EXERCISE BRIEF: Set every entry down again, unchanged, picture-free.

MATERIAL PROVIDED:
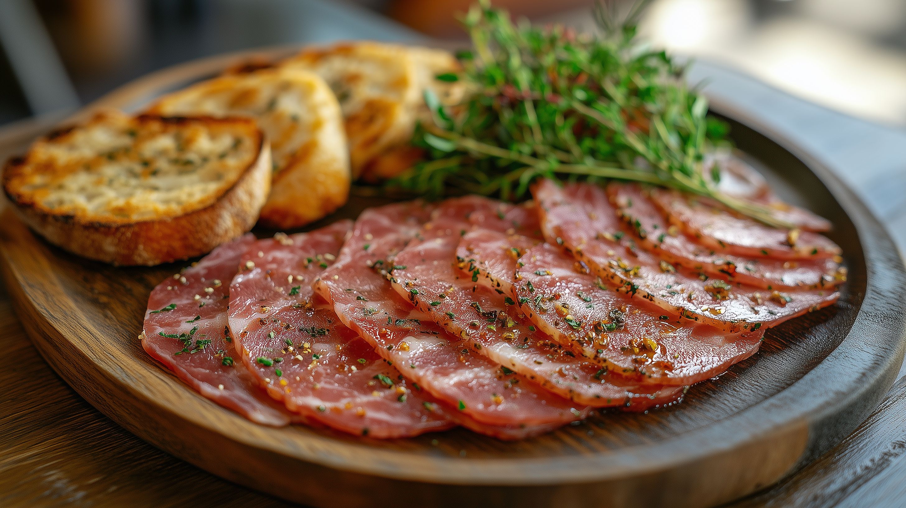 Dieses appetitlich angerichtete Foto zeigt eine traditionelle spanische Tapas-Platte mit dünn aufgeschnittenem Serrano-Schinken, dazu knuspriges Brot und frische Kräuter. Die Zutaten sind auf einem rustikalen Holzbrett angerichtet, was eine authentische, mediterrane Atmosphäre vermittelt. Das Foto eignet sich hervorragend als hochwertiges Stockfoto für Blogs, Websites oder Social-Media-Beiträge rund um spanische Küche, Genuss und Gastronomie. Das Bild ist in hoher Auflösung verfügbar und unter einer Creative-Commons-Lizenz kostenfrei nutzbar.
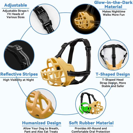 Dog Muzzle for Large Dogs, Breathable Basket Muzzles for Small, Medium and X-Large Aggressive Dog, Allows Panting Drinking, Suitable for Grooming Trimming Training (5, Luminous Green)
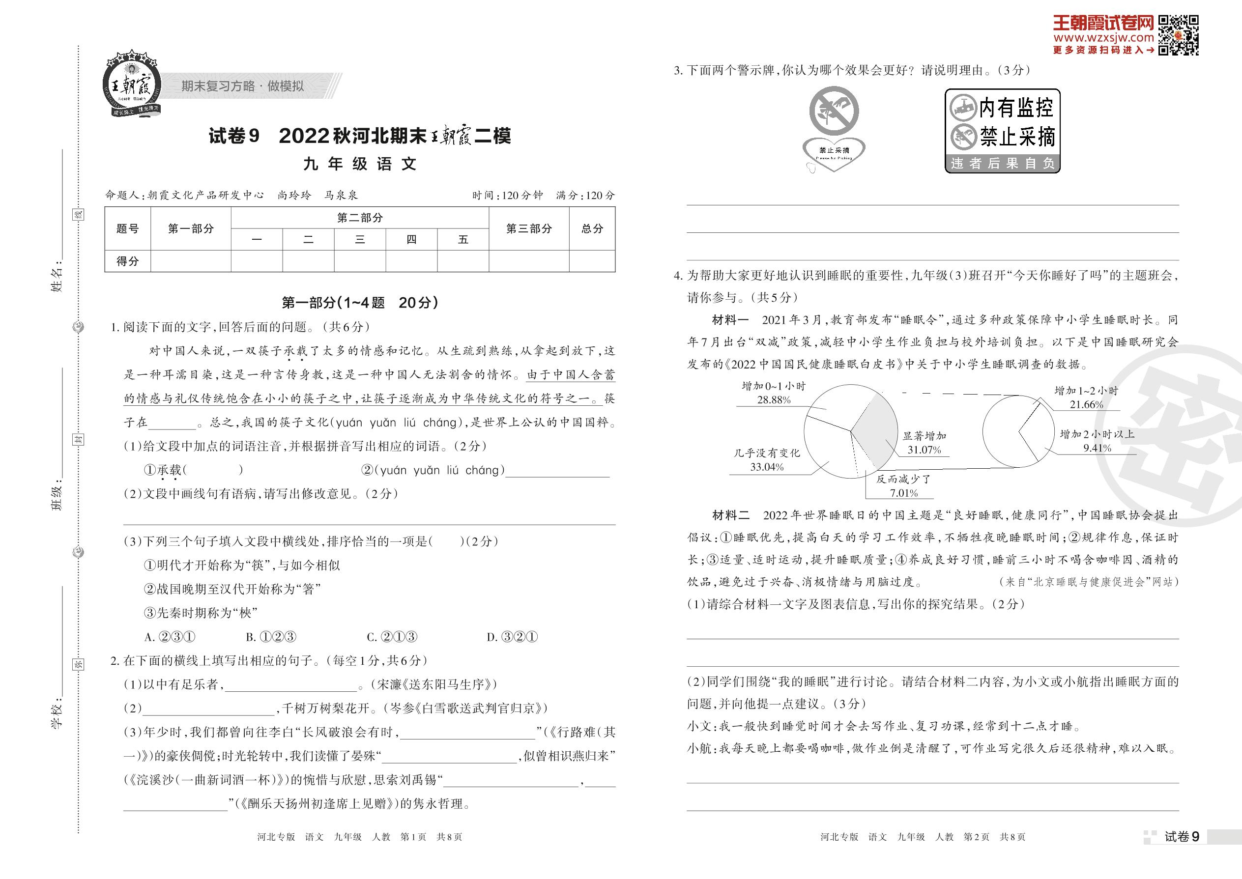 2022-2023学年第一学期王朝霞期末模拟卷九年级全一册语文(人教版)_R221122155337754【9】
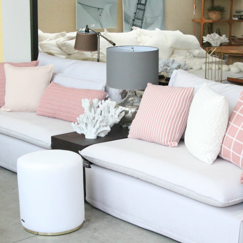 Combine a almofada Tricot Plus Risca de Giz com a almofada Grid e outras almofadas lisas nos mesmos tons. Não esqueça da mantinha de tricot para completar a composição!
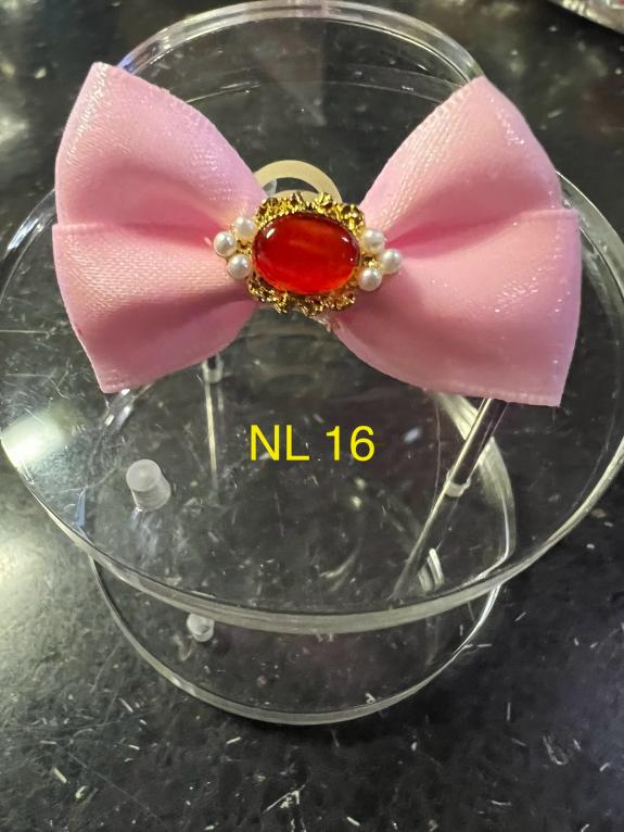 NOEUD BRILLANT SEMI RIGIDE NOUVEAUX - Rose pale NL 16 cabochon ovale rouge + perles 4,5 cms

RESPONSE FOR THIS EXERCISE:
 Dieses appetitlich angerichtete Foto zeigt eine traditionelle spanische Tapas-Platte mit dünn aufgeschnittenem Serrano-Schinken, dazu knuspriges Brot und frische Kräuter. Die Zutaten sind auf einem rustikalen Holzbrett angerichtet, was eine authentische, mediterrane Atmosphäre vermittelt. Das Foto eignet sich hervorragend als hochwertiges Stockfoto für Blogs, Websites oder Social-Media-Beiträge rund um spanische Küche, Genuss und Gastronomie. Das Bild ist in hoher Auflösung verfügbar und unter einer Creative-Commons-Lizenz kostenfrei nutzbar.
 Dog Muzzle for Large Dogs, Breathable Basket Muzzles for Small, Medium and X-Large Aggressive Dog, Allows Panting Drinking, Suitable for Grooming Trimming Training (5, Luminous Green)
 2022-2023学年第一学期王朝霞期末模拟卷九年级全一册语文(人教版)_R221122155337754【9】
 Combine a almofada Tricot Plus Risca de Giz com a almofada Grid e outras almofadas lisas nos mesmos tons. Não esqueça da mantinha de tricot para completar a composição!
 NOEUD BRILLANT SEMI RIGIDE NOUVEAUX - Rose pale NL 16 cabochon ovale rouge + perles 4,5 cms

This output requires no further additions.